Consecutive integers are integers that follow one another, without skipping any integers. 7, 8, 9, and -2, -1, 0, 1, are consecutive integers.

• Sum of $$n$$ consecutive integers equals the mean multiplied by the number of terms, $$n$$. Given consecutive integers $$\{-3, -2, -1, 0, 1,2\}$$, $$mean=\frac{-3+2}{2}=-\frac{1}{2}$$, (mean equals to the average of the first and last terms), so the sum equals to $$-\frac{1}{2}*6=-3$$.

• If n is odd, the sum of consecutive integers is always divisible by n. Given $$\{9,10,11\}$$, we have $$n=3$$ consecutive integers. The sum of 9+10+11=30, therefore, is divisible by 3.

• If n is even, the sum of consecutive integers is never divisible by n. Given $$\{9,10,11,12\}$$, we have $$n=4$$ consecutive integers. The sum of 9+10+11+12=42, therefore, is not divisible by 4.

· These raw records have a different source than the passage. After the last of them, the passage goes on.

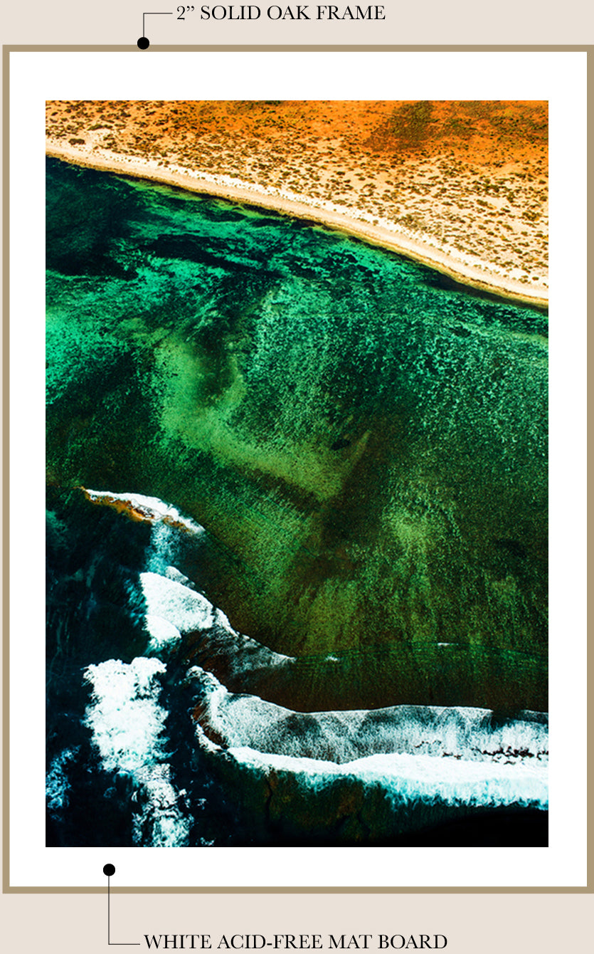 I work with a local professional framer to finish your fine art print in my signature framing style - unstained Tasmanian Oak and a traditional mat board*. The frame is finished with natural beeswax for a beautiful matte look and wood preservation.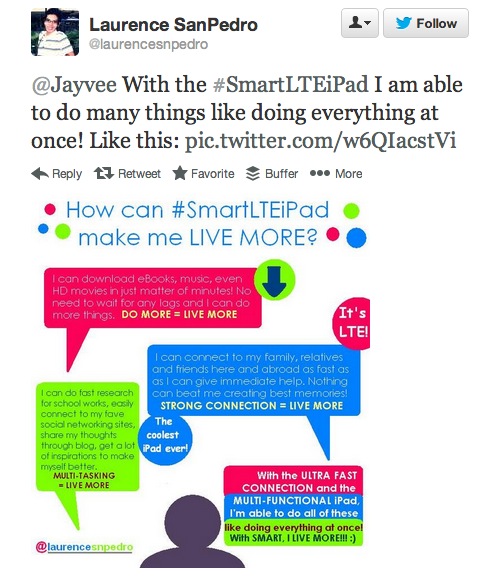 Why he won: After going through hundreds of entries, I was able to visualize Laurence San Pedro’s entry because of the cool image he attached as a Twitter card. Although this wasn’t a requirement in the contest, the extra effort paid off. It was the most unique way to present the answer to the contest question.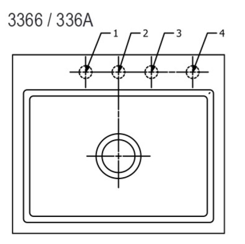 Option "Lochbohrungen durch Hersteller": Wenn Sie wünschen, dass aus Sicherheitsgründen die Lochbohrungen werksseitig vom Hersteller vorgenommen werden sollen, wählen Sie bitte diese Option. Hierfür benötigen wir von Ihnen die Nummern/Positionen des Hahnlochs/der Hahnlöcher, die V & B für Sie durchbohren soll. Bei der Spülenversion mit Handbetätigung benötigen Sie 1 Hahnlochbohrung für die Armatur, bei der Version mit Excenterbetätigung benötigen Sie 2 Lochbohrungen (Armatur und Excenter-Bedienung). Bitte beachten Sie hierzu die unten abgebildeten Maßzeichnungen, da die Positionen der Lochbohrungen bei reversiblen Spülen für die Becken-links und Becken-rechts-Versionen unterschiedlich sein können.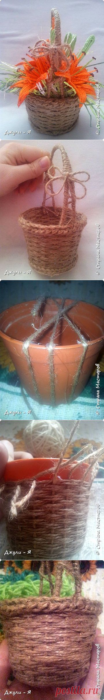 Плетение корзинки из шпагата для подарков к 8 марта. Мастер-класс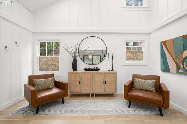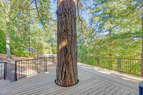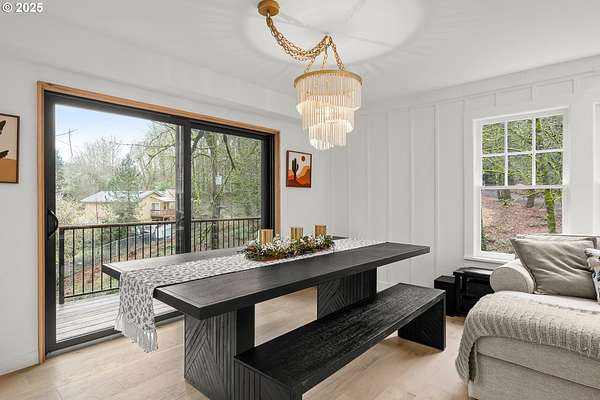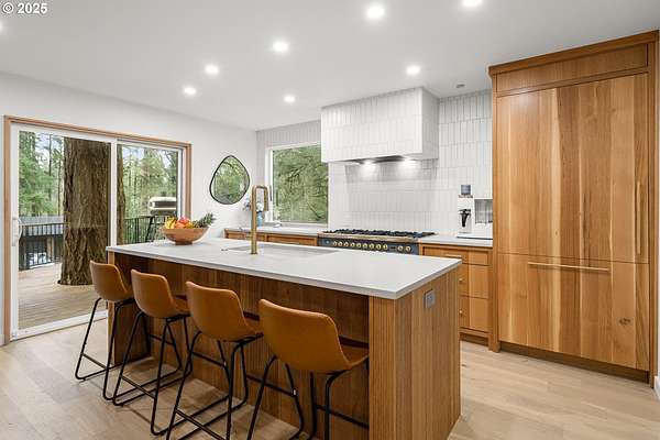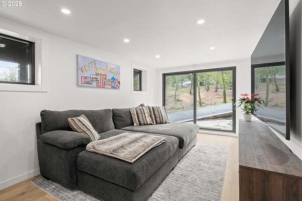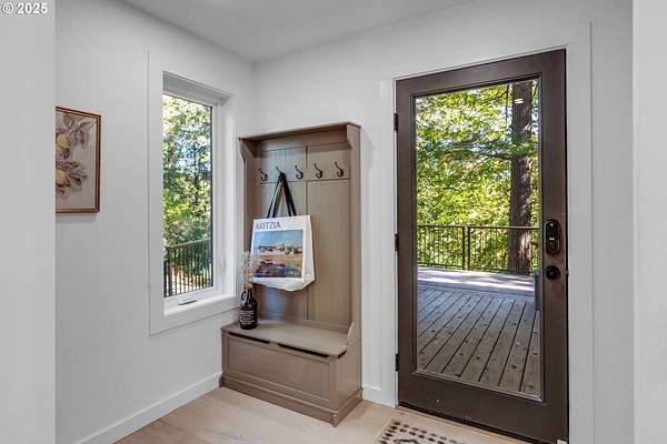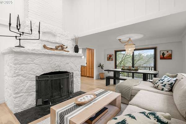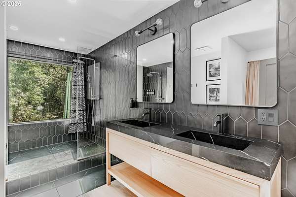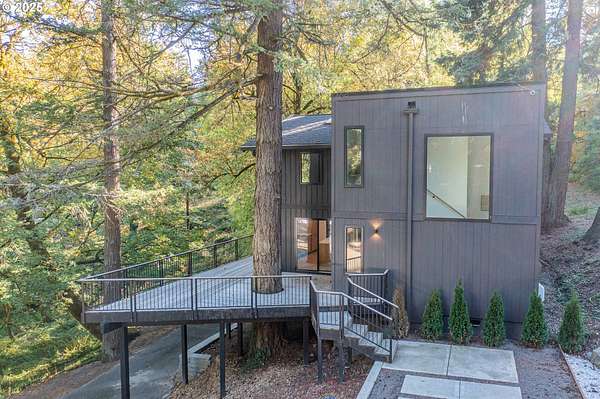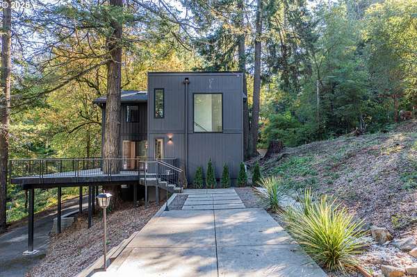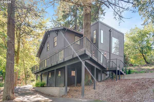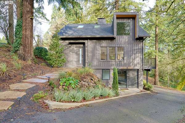 Nestled among the trees on over 1.5 acres in Portland, this striking modern three-story home offers a perfect balance of natural serenity and sophisticated design. The exterior's dark, moody tones contrast beautifully with the light and airy interior, where soaring vaulted ceilings, skylights, and expansive windows fill the space with natural light. The living room features a stunning stone fireplace as its centerpiece, while the dining area seamlessly connects to a chef's kitchen with custom cabinetry, an island, built-in refrigerator, and sliding doors that open to a spacious deck for effortless indoor-outdoor living. A stylish half bath and a flexible main-level room-ideal as an office or sitting area-add to the home's functionality. Upstairs, the luxurious primary suite impresses with vaulted ceilings, a skylight, a walk-in closet, and a spa-like ensuite bath featuring a double vanity and an oversized walk-in shower with dual shower heads. A second upstairs bedroom also includes its own ensuite bath, offering privacy and comfort. The lower level is designed for both relaxation and entertainment, with a temperature-controlled wine cellar, a bedroom, a full bath with a walk-in glass shower, a laundry room, and a spacious bonus room complete with a wet bar-perfect for gatherings. Outside, a detached two-car garage includes a dedicated gym area, completing this exceptional property. Designed with meticulous attention to detail and surrounded by the beauty of the Pacific Northwest, this residence offers a rare blend of modern luxury and tranquil seclusion.

• The product of $$n$$ consecutive integers is always divisible by $$n!$$.
Given $$n=4$$ consecutive integers: $$\{3,4,5,6\}$$. The product of 3*4*5*6 is 360, which is divisible by 4!=24.

Evenly Spaced Set

Evenly spaced set or an arithmetic progression is a sequence of numbers such that the difference of any two successive members of the sequence is a constant. The set of integers $$\{9,13,17,21\}$$ is an example of evenly spaced set. Set of consecutive integers is also an example of evenly spaced set.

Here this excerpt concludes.